Несмотря на то что простые люди Европы и Америки сочувствовали республиканцам, стремились их как-то поддержать, правящие круги капитализма, напуганные победой Октябрьской революции в России, глушили «красную заразу» в тайне от своего народа. Четко сознавая двойственную политику соседних государств по отношению к Испании, национал-социалистические правительства Италии и Германии, не считаясь с международными принципами невмешательства во внутренние дела независимых государств, усилили военную помощь мятежному генералу с диктаторскими ухватками. Италия ужесточила условия прохода русских судов через Средиземное море. Из-за отдаленности Советский Союз не мог тягаться в военных поставках с фашистской коалицией. Соотношение сил противодействующих сторон в Испании быстро менялось в пользу франкистов и приближалось к смертельно опасной пропорции.
Так что Федоров и его боевые товарищи невольно вступали в бой с численно превосходящим противником.

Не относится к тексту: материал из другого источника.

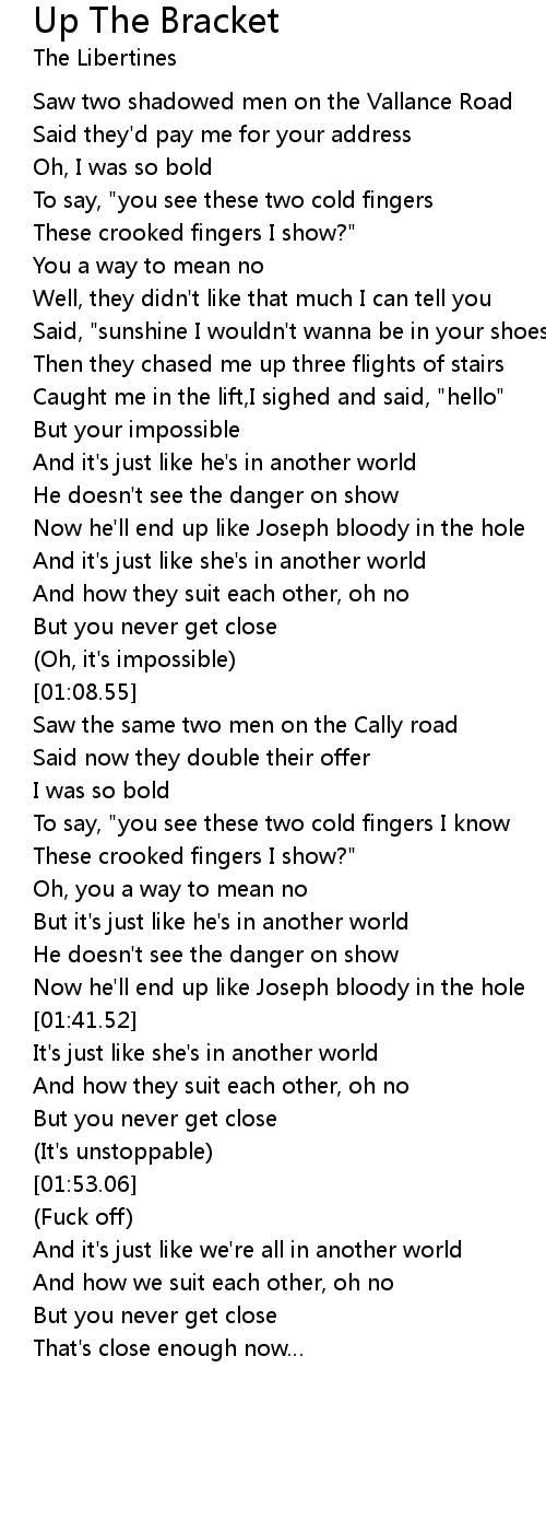 | [01:23.57] | To say, "you see these two cold fingers I know |

Чтобы кое-как сохранить превосходство в воздухе над скоростными «мессершмиттами», Иван выбросил из кабины тяжелые броневые плиты, защищавшие пилота от пуль, облегчил таким способом самолет, повысил его тактические способности. Это дало ему возможность действовать самостоятельно, не придерживаясь правил группового боя. В связи с этим возникла необходимость пересмотреть тактику действий боевого звена истребителей, ограничивающую свободу маневра отдельно взятого пилота. Звено из трех самолетов больше заботилось о том, чтобы сохранить строй в бою, не потерять в «собачьей свалке» друг друга и командира звена, чем беспокоиться о нападении на врага. Впервые в практике воздушного сражения Федоров добился права самостоятельно вступать в бой с противником в одной связке с «телохранителем», прикрывающим голый, безоружный тыл атакующего истребителя. В паре с Косенковым «Красный Дьявол» с непостижимой легкостью врезался в строй бомбардировщиков, вызывая переполох, и короткими очередями в упор расстреливал охваченных страхом противников.
Незащищенный со спины, он требовал от ведомого неотступно следовать за ним, прикрывая с тыла. Иногда он устраивал «чертово колесо», обороняясь от стаи фашистских стервятников.
Колесо, как и «мельница», передвигалось по небу, вселяло ужас в сердца трусливых пилотов, воюющих по принуждению или за большие деньги. Практичные деловые «боши», как правило, не шли на рожон с противником, если не просчитывали успех, не видели выгоды для себя, чего не скажешь о республиканцах и пилотах из России, которые дрались из чувств солидарности с трудовым народом Испании.
Иван дрался из любви и благодарности к тепло принимающему его народу и врожденной страсти к совершенству своей профессии летчика-испытателя по призванию, а не по должности.
Стремление быть первым, лучшим среди окружающих толкало его в объятия риска. И если он впервые становился на этот манящий животрепещущий мостик к новому неизведанному чувству, ничто не могло его свернуть с пути, пока не обрушивались на него такие обстоятельства жизни, из которых нельзя уже было выйти прежним.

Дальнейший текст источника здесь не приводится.